*WORK REQUEST*.
Find how many lines in the entries below carry the word "style" and answer with only that figure.

*DATA SHOWN*.
::::
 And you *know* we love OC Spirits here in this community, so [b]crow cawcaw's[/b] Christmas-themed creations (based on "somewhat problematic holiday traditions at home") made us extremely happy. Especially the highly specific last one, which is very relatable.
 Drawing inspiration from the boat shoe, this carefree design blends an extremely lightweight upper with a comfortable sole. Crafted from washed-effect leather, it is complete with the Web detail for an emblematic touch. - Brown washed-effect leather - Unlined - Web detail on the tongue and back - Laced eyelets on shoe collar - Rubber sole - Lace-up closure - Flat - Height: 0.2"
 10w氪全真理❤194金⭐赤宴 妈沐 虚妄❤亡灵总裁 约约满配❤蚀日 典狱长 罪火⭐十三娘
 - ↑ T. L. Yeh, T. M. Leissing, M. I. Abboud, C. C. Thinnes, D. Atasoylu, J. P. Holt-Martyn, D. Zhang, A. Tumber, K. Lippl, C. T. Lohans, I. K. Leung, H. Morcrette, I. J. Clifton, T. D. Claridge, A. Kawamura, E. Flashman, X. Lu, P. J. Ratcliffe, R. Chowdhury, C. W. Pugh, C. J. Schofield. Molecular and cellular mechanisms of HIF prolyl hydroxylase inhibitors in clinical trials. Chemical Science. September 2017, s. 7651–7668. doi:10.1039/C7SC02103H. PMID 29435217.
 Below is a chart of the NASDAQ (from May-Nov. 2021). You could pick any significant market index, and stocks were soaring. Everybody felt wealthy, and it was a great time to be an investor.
::::
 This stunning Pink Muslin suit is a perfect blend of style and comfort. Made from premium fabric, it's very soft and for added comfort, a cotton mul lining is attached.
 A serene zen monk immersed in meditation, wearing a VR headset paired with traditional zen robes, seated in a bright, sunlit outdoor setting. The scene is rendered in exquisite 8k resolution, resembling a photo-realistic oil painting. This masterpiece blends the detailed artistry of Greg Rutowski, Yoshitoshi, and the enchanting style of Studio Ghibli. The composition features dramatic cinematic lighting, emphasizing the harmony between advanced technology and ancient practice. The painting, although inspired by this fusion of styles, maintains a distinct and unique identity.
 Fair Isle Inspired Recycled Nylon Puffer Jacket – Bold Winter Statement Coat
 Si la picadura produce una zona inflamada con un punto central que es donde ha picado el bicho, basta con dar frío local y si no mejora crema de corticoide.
::::
*FINISHED EXERCISE*.
2